Hasta el último tiempo, Pepe siguió dando indicaciones sobre la chacra. Dejó planes de trabajo y advertencias para el verano, incluso sobre el “pasto bolita”, una yuyo que no había que olvidar.

«Pobre es el que no tiene comunidad»

Topolansky recordó una de las ideas más profundas de Pepe: la peor pobreza es no tener tiempo. Para él, el consumismo no se pagaba solamente con plata sino también con el tiempo de vida que habías gastado para obtener esta plata.

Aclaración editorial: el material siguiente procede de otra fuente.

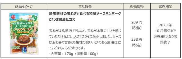 無添加調理※1 で商品作りを進めている石井食品株式会社(本社:千葉県船橋市、代表取締役社長執行役員:石井智康、以下、「石井食品」)は、埼玉・群馬を中心とした関東で「安く、おいしく」を提供する地域密着型スーパーマーケット株式会社ベルク(本社:埼玉県鶴ヶ島市、代表取締役社長:原島一誠、以下「ベルク」)とともに、2021 年より、生産者支援プロジェクトを立ち上げ、福祉・農業の事業を軸にソーシャルファームを推し進める埼玉福興の生産者のみなさまとともに、今年で商品開発第 3 弾となる、『埼玉熊谷の玉ねぎと食べる和風ソースハンバーグ こくうま醤油仕立て』を、期間限定で 10 月初旬※2 まで発売をいたします。

La libertad, para el, tenía que ver con tener tiempo para hacer lo que a uno le hace feliz. Por eso hablaba de sobriedad, de los estoicos y de una forma de vida elegida. Lucía lo resumió con una frase aymara: Pobre es el que no tiene comunidad, «y a mi me sobra comunidad», dijo.

Esa comunidad se vio en su despedida. Topolansky contó que tomaron una decisión: solo habría dos banderas, la nacional y la de Artigas. Ninguna bandera sectorial. Ni del Frente Amplio ni del MPP. Porque Pepe era amplio y había que respetar eso.

La gente cantó, rezó, lloró, pasó en silencio o se expresó como quiso. Y el homenaje siguió hasta que pasó el último.

Lo que vale la pena

Al final de la entrevista, Preve le pidió un mensaje para las generaciones jóvenes. Topolansky habló de la convivencia, del amor y de la necesidad de distinguir lo importante de lo secundario.

“No te podés pelear porque hay un mate frío”, dijo. “La vida es mucho más importante”.

Advirtió que las relaciones humanas se han vuelto precarias, descartables, de “use y tire”, y que eso vuelve a la gente más sola e infeliz. Frente a eso, llamó a cuidar los vínculos, a disfrutar la relación humana y a vivir sin cálculo lo que vale la pena.

“Si te vas a convivir con alguien, si te enamoraste, zambullite con las dos manos y los dos pies, al mango. Que te quiten los bailado”, dijo. “Lo que vale la pena no te lo quita nadie”.